Work to complete: Repeat the entries below exactly. Begin with the first line and end with the line that contains "Ombrello tascabile Knirps".
-.-.-
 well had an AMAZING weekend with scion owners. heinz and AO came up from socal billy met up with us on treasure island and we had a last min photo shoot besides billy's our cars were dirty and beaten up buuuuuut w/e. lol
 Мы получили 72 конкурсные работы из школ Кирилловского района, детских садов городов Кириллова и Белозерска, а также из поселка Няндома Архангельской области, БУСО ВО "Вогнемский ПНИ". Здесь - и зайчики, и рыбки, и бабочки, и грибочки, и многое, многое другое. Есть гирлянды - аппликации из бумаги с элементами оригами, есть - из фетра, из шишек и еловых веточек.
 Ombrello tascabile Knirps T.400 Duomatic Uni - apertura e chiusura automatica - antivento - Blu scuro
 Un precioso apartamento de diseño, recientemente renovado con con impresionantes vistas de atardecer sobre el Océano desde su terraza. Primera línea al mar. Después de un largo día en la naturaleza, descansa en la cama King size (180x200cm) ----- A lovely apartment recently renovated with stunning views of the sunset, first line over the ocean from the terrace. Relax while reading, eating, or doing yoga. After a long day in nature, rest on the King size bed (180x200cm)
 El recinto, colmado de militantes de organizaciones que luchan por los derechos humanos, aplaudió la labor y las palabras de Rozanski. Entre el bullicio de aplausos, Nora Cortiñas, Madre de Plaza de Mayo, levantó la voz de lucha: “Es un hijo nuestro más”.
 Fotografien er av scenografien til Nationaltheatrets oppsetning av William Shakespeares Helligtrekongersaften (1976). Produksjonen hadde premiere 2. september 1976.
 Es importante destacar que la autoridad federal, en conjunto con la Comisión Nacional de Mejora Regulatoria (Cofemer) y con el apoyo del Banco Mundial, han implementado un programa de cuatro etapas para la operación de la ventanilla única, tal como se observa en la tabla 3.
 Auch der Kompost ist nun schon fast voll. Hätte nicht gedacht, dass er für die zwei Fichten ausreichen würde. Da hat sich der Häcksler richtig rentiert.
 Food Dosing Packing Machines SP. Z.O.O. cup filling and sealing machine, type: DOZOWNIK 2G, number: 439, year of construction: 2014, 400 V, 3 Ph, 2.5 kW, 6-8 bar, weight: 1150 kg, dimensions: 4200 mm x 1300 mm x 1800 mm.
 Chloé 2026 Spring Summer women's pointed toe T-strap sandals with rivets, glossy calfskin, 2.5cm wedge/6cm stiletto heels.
-.-.-
Your response:
 well had an AMAZING weekend with scion owners. heinz and AO came up from socal billy met up with us on treasure island and we had a last min photo shoot besides billy's our cars were dirty and beaten up buuuuuut w/e. lol
 Мы получили 72 конкурсные работы из школ Кирилловского района, детских садов городов Кириллова и Белозерска, а также из поселка Няндома Архангельской области, БУСО ВО "Вогнемский ПНИ". Здесь - и зайчики, и рыбки, и бабочки, и грибочки, и многое, многое другое. Есть гирлянды - аппликации из бумаги с элементами оригами, есть - из фетра, из шишек и еловых веточек.
 Ombrello tascabile Knirps T.400 Duomatic Uni - apertura e chiusura automatica - antivento - Blu scuro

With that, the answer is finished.